First caveat: I'm a programmer doing this for a client, and my knowledge of options probably has holes in it. So be a little forgiving here. =)
The Issue: When I run Black Scholes Newton against all options in a chain, I occasionally get NaN return values. My comparison for accuracy is against ThinkorSwim's numbers.
Here are screencaps of the issue: https://i.sstatic.net/B0vYN.jpg
spot, strike, time, etc, are all there. And most of the time the numbers are accurate. But once I hit certain ranges with Calls and Puts, I get those NaN's, and I can't seem to figure out the pattern as to why
I'm using garagebandhedgefund's code as a base, with adjustments for puts/calls.
Here's the Newton Code:
public static double OptionPriceImpliedVolatilityCallBlackScholesNewton(double S, double K, double r, double time, double optionPrice,bool iscall, bool isput,out double price,out double diff)
{
price = 0;
diff = 0;
int MAX_ITERATIONS = 100;
double ACCURACY = 1.0e-5;
double t_sqrt = Math.Sqrt(time);
double sigma = (optionPrice / S) / (0.398 * t_sqrt); // find initial value
price = 0;
for (int i = 0; i < MAX_ITERATIONS; i++)
{
if (iscall)
{
price = OptionPriceCallBlackScholes(S, K, r, sigma, time);
}
if (isput)
{
price = OptionPricePutBlackScholes(S, K, r, sigma, time);
}
diff = optionPrice - price;
if (Math.Abs(diff) < ACCURACY)
return sigma;
double d1 = (Math.Log(S / K) + r * time) / (sigma * t_sqrt) + 0.5 * sigma * t_sqrt;
double vega = (S * t_sqrt * NormDist(d1));
sigma = sigma + diff / vega;
}
return sigma; // something screwy happened, should throw exception // <--- original code
//throw new Exception("An error occurred"); // Comment this line if you uncomment the line above
}
My question: Is it my code?
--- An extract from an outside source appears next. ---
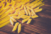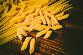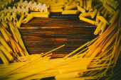 Różne rodzaje makaronu na drewnianym tle

Is it certain ranges of values? Are there cases where Newton fails to return valid values? I'm kinda stumped here.
For the record, when I use this data against garageband's Bisection code, I get errors across the board. I don't know if that's related. I'm fairly certain of the accuracy of my input data, since I do get some valid returns with Newton.